この大迫力の絶景を見れる者は他には居ないだろう。

 

「……エッチ」

「ナンノコトデスカネー」

「もう……」

 

ゼットンはほんのりと頬を朱に染めて彼を軽く睨み付ける。

そして彼の頭を優しく撫でるのだった。

 

 

 

 

─────

 

 

 

 

(そういえば……ゼットンさんが変身解除した所や本名……何も知らないな……)

 

ゼットンに頭を撫でられながら、彼はそんな事を思った。

彼女との交流が始まり、やがて交際に至ったが、彼女の本名も人としての姿も未だに知らないのだった。

 

(聞いてみるかな……)

 

思い立ったまま、彼はゼットンに声をかけた。

 

「ゼットンさん」

「なに?」

「僕、まだゼットンさんの変身解除した姿、見たことないですよね」

 

ゼットンの頭を撫でる手が止まる。

 

「……そうね」

「……もし良かったら見せて貰っても?」

「別にそんな面白いものじゃない……」

「そりゃまぁ……」

「いいよ……分かった」

 

そう微笑むとゼットンは彼を起こして、ソウルライザーを操作する。

彼女の体は光に包まれた。

 

「……ゼットンさん?」

「……」

 

彼女はGIRLSの制服を纏っていた。だが、彼女の髪の色は怪獣娘の時の艶やかな黒髪ではなく、透き通るような白髪だった。

 

「ゼットンさん……髪の色変わるタイプだったんですね」

「ええ」

 

怪獣娘の中には人間時から髪の色が変化するタイプも存在する。

元の髪の色から若干程度の変化をするタイプが多いが、中には……

黒髪から銀髪に変化するブラックキングの黒柳ナミ。

赤髪から赤青黄のトリコロールカラーに変化するバードンの火野ユリカ。

茶髪から銀髪に変化するメフィラス星人二代目の仁科カレン。

大きく色合いが変化するタイプもそれなりに居る。

 

「でも何で隠して……?」

「大した理由じゃないけど……照れくさいから……かな?」

「え?」

「うん……大怪獣ファイトでチャンピオンになってから有名になっちゃったから……」

 

実際、ゼットンは大怪獣ファイトの現チャンプであり、その魂の怪獣たるゼットンは過去にウルトラマンを倒し、当時の防衛組織、科学特捜隊の基地を壊滅させたことで現在でもそれなりに有名である。

 

「私……口下手で……目立つの、苦手だから……」

「ゼットンさん……」

「ピグモンや滝沢博士くらいにしか話してない……」

「……そうですか」

「ね、大した理由じゃ、無いでしょ?」

「それでも……教えてくれてありがとうございます」

「うん……」

「……今度はそっちの状態で膝枕してください」

「もう……いいよ。おいで」

 

彼女はそう言うと再びソファーに腰掛けるのだった。

 

「……この事は、秘密」

「分かりました。秘密です」

「……指切り」

「はい」

 

こうして二人の秘密が増えたのだった。

 

「そういえば……ゼットンさんの本名って……」

「私の名前は…………」

 

ゼットンの本名は彼だけが知っている……。

 




解説コーナー

・ゼットンさん
今回のヒロイン。
彼女の人間体はこのシリーズに置いては白髪と設定。
髪の色の元ネタはウルトラマンフェスティバル2001年の「ウルトラマンライブステージⅡ 宇宙恐竜最強進化!」に登場したクローンゼットンホワイトが元ネタ。
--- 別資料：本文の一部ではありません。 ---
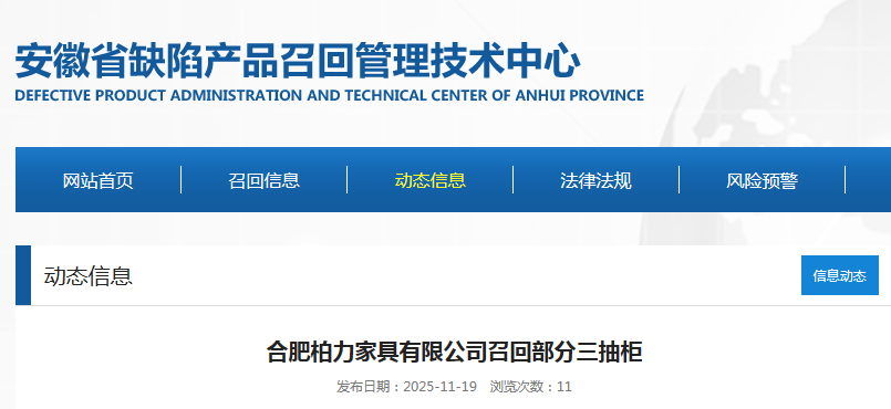 中國質(zhì)量新聞網(wǎng)訊 據(jù)安徽省缺陷產(chǎn)品召回管理技術(shù)中心網(wǎng)站消息,日前,合肥柏力家具有限公司按照《消費(fèi)品召回管理暫行規(guī)定》的要求,向安徽省市場(chǎng)監(jiān)督管理局、合肥市市場(chǎng)監(jiān)督管理局報(bào)告了召回計(jì)劃,將自即日起,召回2025年2月5日生產(chǎn)的三抽柜(規(guī)格:400×440×605mm),涉及數(shù)量10件。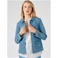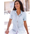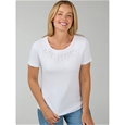 A classic tee with a modern twist. A round neckline with a short button placket. This top is adorned with lovely lace on the short sleeves for a chic look. 100% Cotton.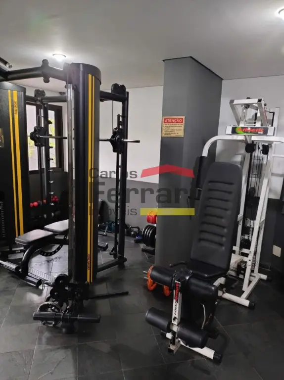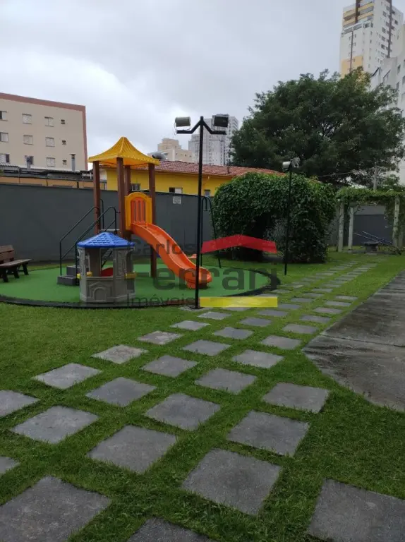 O condomínio oferece lazer completo com piscina, academia, salão de festas, sauna e playground.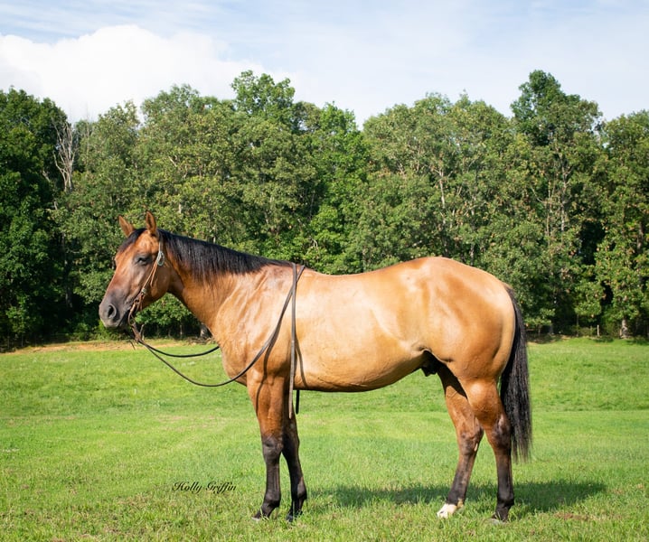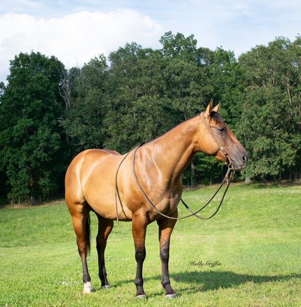 ONLINE AUCTION Place your bids at www.PlatinumEquineAuction.com Starting Bid $3500 Auction ends August 11th, 2024 Need a new saddle? Check out White Rock Saddles on our website or Facebook! Smoke is a 2021 model AQHA Dun Gelding! Smoke stands 15 hands and wide as he is tall! Very good disposition on this gelding and always wants to please! We have had the privilege of owning this gelding most of this year and took him on countless trail rides. He has a very good start for a 3 yr old with lots of outside miles. Very easy keeper in the field or in a stall. He saddles up easy and has never offered to buck or anything silly! Smoke lopes great circles and picks up both leads. He has a very great natural short lope to him. Smoke neck reins and starting to move off leg pressure. Buy this young gelding with confidence he’s ready for his forever home! He has had one set of shoes on but is currently barefoot and sells 100% sound and sane! Located in Greenville Kentucky. Contact Holly Griffin at 618-304-3825. ONLINE AUCTION Place your bids at www.PlatinumEquineAuction.com Starting Bid $3500 Auction ends August 11th, 2024 Need a new saddle? Check out White Rock Saddles on our website or Facebook!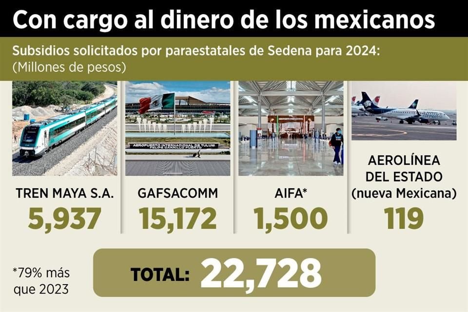 Las empresas paraestatales de Sedena pidieron para 2024 subsidios de operación y salarios que suman 22 mil 728 millones de pesos. Crédito: Especial.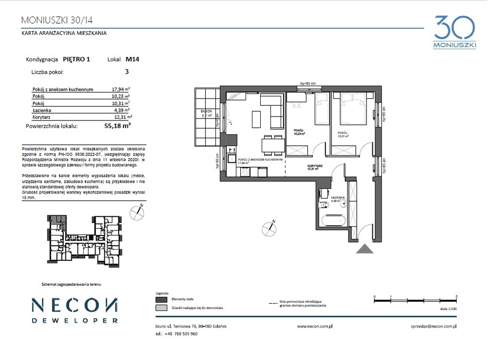 Przedmiotem oferty jest przestronne mieszkanie o powierzchni 55,18 m², położone na 1 piętrze nowoczesnego budynku. Lokal będzie gotowy do odbioru w 2025 roku.

ボツになった初期案だと彼女はクローンゼットンホワイト、すなわちゼットン幼体の怪獣娘で通常ゼットンまで2段階分ソウルライドの度に強化変身しており、『強化形態の維持時間を長くするために常にソウルライドしている』という設定だった。
そして『既に2段階のパワーアップ済みなのでハイパーやEXなどに強化変身できない』という設定もあった。


・美筆 シュウ
ゼットンさんの彼氏。何てことの無い交流から交際に繋げた猛者。彼女の本名を知る数少ない人物となった。

【名前の由来】
ペンシル爆弾→鉛筆→筆→美筆。
シュウ→終、ゼットン(Z+ん)、最後で終わり繋がり。


・黒柳ナミ、火野ユリカ、仁科カレン
変身すると髪の色が大きく変化する系の怪獣娘として名前のみ登場。